Last week I submitted my fourth TMA for my final module of this course. I realise that I've had plenty of practice writing essays. I went from writing school essays, to university essays, to OU essays; but I feel like I'm really getting the hang of this now.

Obviously the tutor's marks might disagree with me, but it does make for a pretty word cloud.

As with all of my other essays so far for this course, I went with Option 2, which was looking at the prevalence of 'orphaned or near-orphaned characters'. For this one you had to pick two of the five books covered in this block; two of those Harry Potter and the Philosopher's Stone and Northern Lights were an either/or option for the block. I picked Swallows and Amazons, Tom's Midnight Garden and the aforementioned Harry Potter. My reasoning was purely selfish, those were the ones I thought I could say the most about.

I think that the word cloud shows the argument I was going for. I was talking about kids being separated from their family and I also talked about how this helped them to find their identity and grow up.

Throughout this course I've been changing my approach to writing my essays. I always had this terrible habit of writing what I wanted to say, then spent ages scrabbling for references. It always worked for me because I've got a fairly good memory for what I've read, I'd know that such-and-such an author had said such-and-such a thing, but which book did they say it in? And which chapter? Which page? Suffice to say, while this method works, it's not exactly time-efficient.

My new approach involves, bizarrely, reading the essay questions before actually starting the block. This does two things; firstly, it scares you into paying attention to what you're studying because holycrapIdon'tunderstandawordofwhatthisquestionisaskingmetodo! and secondly, it tells you what you're looking for while you're reading, especially as the guidance notes point out particularly useful chapters (you pay extra attention to those ones while you're reading).

Then, when I actually come to answer the question, I do my usual thing first. I know that you're usually allowed to be over your word count or under by 10%, so I work out what my minimum and maximum are. I aim for the minimum, I always go over, so that way it saves me from having to cut words. In a 2000 word essay, I can go 10% over, but because I'm aiming for 1800 I've got 200 extra words to play with.

Then I give myself 80% of those words for the main body (the rest is used for introduction and conclusion) and divide that 80% into chunk based on what I'm talking about. For example, TMA 04 looked at three books, so I might spend a third of my essay on Harry Potter, a third on Swallows and Amazons and a third on Tom's Midnight Garden. Alternatively I'll decide I'm wanting to talk about four particular points, so I divide up my words based on that.

Very quickly I find I'm not writing a 2000 word essay, instead I'm writing four 360 word essays. Much more manageable.

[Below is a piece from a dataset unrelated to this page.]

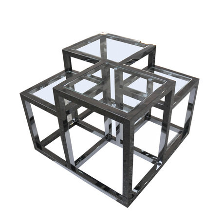Оригинальный многоуровневый кофейный столик из коллекции Cacharel выполнен из никелированного металла черного цвета. Столешницы выполнены из плотного стекла.

In the past, this was where I would dive into the actual essay writing. Sure I might make some notes about the things I wanted to say (I call it a join-the-dots approach) bullet pointing all the pertinent points and organising them into some sort of logical order.

What I've taken to doing now is pouring through all of the essays in the course Readers, making notes on all the relevant bits for my essay. I make notes of the author and the page reference (sometimes even the paragraph it's in) to make it easier to find later and which bit of the essay it links to. That saves me the hassle of going back and finding them later because I can just slot them in as I go. This is probably really obvious to most people, but I'm so glad I've finally convinced myself that this is an easier way to do things than my old method.

An old tutor also taught me to use the idea 'PEE' when writing an essay. I've since amended that to 'PEEL' which is probably slightly more socially acceptable than 'pee'ing all over your essay. That stands for 'Point' (where you make your initial statement), 'Evidence' (where you give a quote or something from your course materials to support/refute your statement), 'Explanation' (where you explain how your statement is supported/refuted by your evidence), and then my L stands for 'Link' (to link it back to the question, the previous paragraph, or the next paragraph).

It's actually got to the point where I quite enjoy writing my essays. I've probably gotten a bit lazy about it, because this method does enable me to churn out an almost completed essays in a matter of hours. I did this one whilst watching The Fellowship of the Ring and finished some time around the point when the Fellowship left Rivendell.

I just hope that my approach worked for this one and that I can maintain my passing marks.